Tsunade mengangguk dengan polos. Sang ayah tersenyum menyadari isakan gadis kecilnya ini berkurang.
"Percayalah, kedua anikimu akan menjadi pahlawan klan Uchiha," ujar sang ayah yang sekarang mengusap kepala Tsunade sambil tersenyum cerah padanya.
Melihat senyuman sang ayah yang sangat ia sayangi, Tsunade pun turut tersenyum. Lalu, dari dalam muncullah si ibu.
"Suamiku, bawalah ini. Buatan ibuku," kata sang ibu sambil mengulurkan sebuah kotak kayu kecil.
"Salep luka?"
"Ya! Karena..., mungkin saja mereka nanti membutuhkannya," tanggap sang ibu sambil menoleh ke dalam rumah di mana kedua putranya baru saja keluar dengan menggunakan baju armor pertama mereka. Sang ibu menatap kedua putranya yang akan menghadapi perang pertama mereka itu dengan wajah penuh kekhawatiran.
"Tak usah risau.

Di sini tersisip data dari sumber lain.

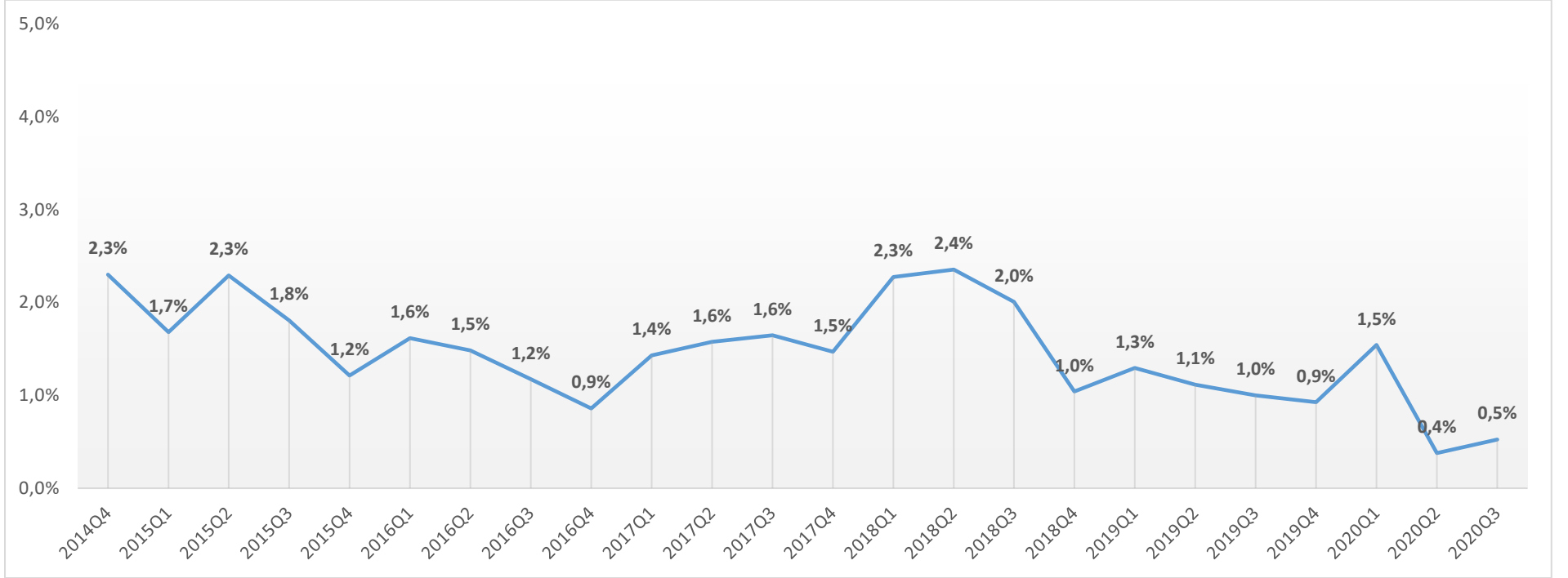
Şekil 2: Çeyreklikler İtibari ile Açık İş Oranları

Aku akan melindungi mereka," ucap sang ayah dengan mantab.
Sang ibu menoleh sambil tersenyum paksa, "Aku tahu kau akan begitu."
"Nana!" Panggil salah satu dari dua anak laki-laki itu. Tsunade menoleh pada kedua kakaknya yang kini benar-benar tampak gagah.

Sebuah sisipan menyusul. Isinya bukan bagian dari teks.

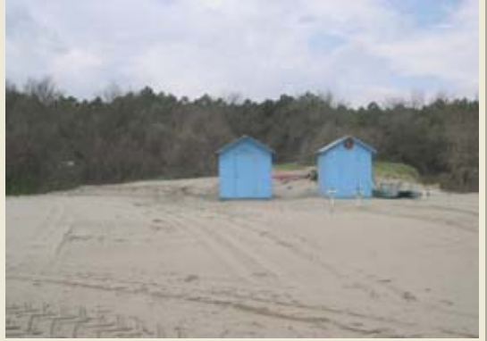
FOTO AREA DESTINATA ALLA BALNEAZIONE
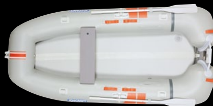
WONDER MUG 282

3~4人乗り リジッドフレックス 船体価格 163,000円 電動ポンプ付き 188,000円
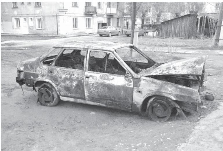
Сгоревшая машина так и осталась "радовать глаз" прохожим
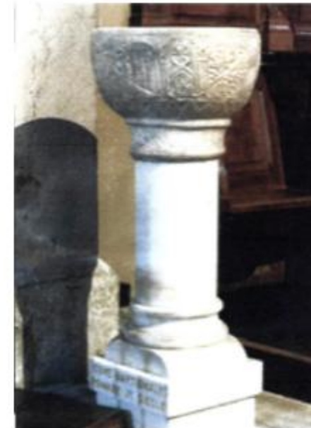
Bénitier du XIème siècle

Pour en savoir plus, flashez ce QR code ou rendez-vous sur glvpatrimoine.fr

"KAKAK!" Teriak Tsunade sambil melempar dirinya pada tubuh kedua kakaknya. Matanya yang semula mulai mengering kini harus subur lagi oleh air mata.
"Aduh, jangan menangis!"
"Iya, sudah kami katakan kalau sebagai anggota klan Uchiha kau harus kuat!"

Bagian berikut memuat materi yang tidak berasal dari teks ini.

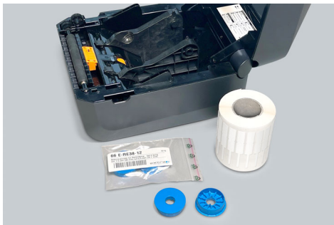
Abb.1: Neu von eXtra4 Labelling Systems: Rollenkerne-Adapter zur Verbesserung der Druckpräzision von Thermotransfer-Druckern.
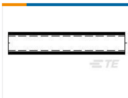
TE 产品编号341263-000 AT099-43

Tsunade tak menjawab. Ia lebih suka melampiaskan ketakutannya dengan memeluk kedua kakaknya semakin erat sambil sesenggukan. Karena, bayang-bayang bagaimana penguburan anak seusia kakaknya yang mati berperang selalu menggema di otaknya.
"Kau jangan takut, Nana! Kedua anikimu yang kuat ini akan baik-baik saja!"
"Justru ini adalah hal yang selama ini kami tunggu-tunggu, jadi seharusnya kau mendukung kami."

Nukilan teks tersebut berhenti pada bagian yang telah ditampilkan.